## What to work on
Your task is to print all of the data below exactly, with no pictures included.

*** Dataset content Section Begins ***

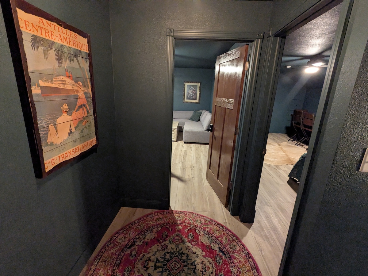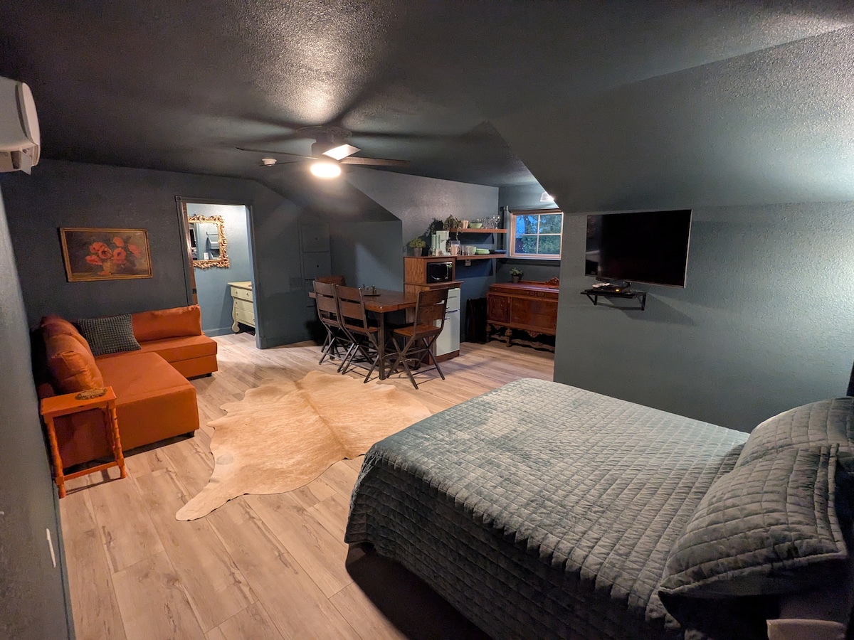 Len deg tilbake og slapp av på dette rolige, sjarmerende, stilige stedet. Loloi-teppet inviterer deg inn, og Roku TV vil at du skal bli en stund! Den ligger også sentralt ved 54 Hwy i El Dorado Springs. Med en ny smart-TV med flatskjerm og en elektrisk peis, koselig sengetøy og en toppmadrass i bambus, kommer du til å elske dette stedet! Sikret personlig inngang og privat bad med alle nødvendigheter. Kjøleskap, mikrobølgeovn, brødrister, kaffekanne og til og med vinglass for å fullføre oppholdet ditt. Ikke gå glipp av det. Bestill nå!
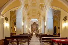 De tres naves, separadas por fuertes pilastras y arcos de medio punto, con acentuado crucero cubierto de cúpula con linterna, y presbiterio elevado. La techumbre de la nave es de escayola, y sobre ella se conserva, invisible, un artesonado primitivo mudéjar. A los pies del templo, coro alto.
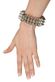 The Adult Small Silver Spike Bracelet is made of silver-tone plastic and has three rows of 5/8 inch spikes that wrap around the wrist. The spikes are on a stretchy elastic band for an adjustable fit.
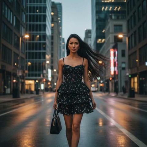 a beautiful girl wearing a black skirt walks through the city center beautiful girl black skirt walking on the street cute girl city night view lights night lights hand bag black color dress woman girl female fashion walking cute ai images picturesSimilar Photos

*** Dataset content Section Ends ***

## Answer section
 Len deg tilbake og slapp av på dette rolige, sjarmerende, stilige stedet. Loloi-teppet inviterer deg inn, og Roku TV vil at du skal bli en stund! Den ligger også sentralt ved 54 Hwy i El Dorado Springs. Med en ny smart-TV med flatskjerm og en elektrisk peis, koselig sengetøy og en toppmadrass i bambus, kommer du til å elske dette stedet! Sikret personlig inngang og privat bad med alle nødvendigheter. Kjøleskap, mikrobølgeovn, brødrister, kaffekanne og til og med vinglass for å fullføre oppholdet ditt. Ikke gå glipp av det. Bestill nå!
 De tres naves, separadas por fuertes pilastras y arcos de medio punto, con acentuado crucero cubierto de cúpula con linterna, y presbiterio elevado. La techumbre de la nave es de escayola, y sobre ella se conserva, invisible, un artesonado primitivo mudéjar. A los pies del templo, coro alto.
 The Adult Small Silver Spike Bracelet is made of silver-tone plastic and has three rows of 5/8 inch spikes that wrap around the wrist. The spikes are on a stretchy elastic band for an adjustable fit.
 a beautiful girl wearing a black skirt walks through the city center beautiful girl black skirt walking on the street cute girl city night view lights night lights hand bag black color dress woman girl female fashion walking cute ai images picturesSimilar Photos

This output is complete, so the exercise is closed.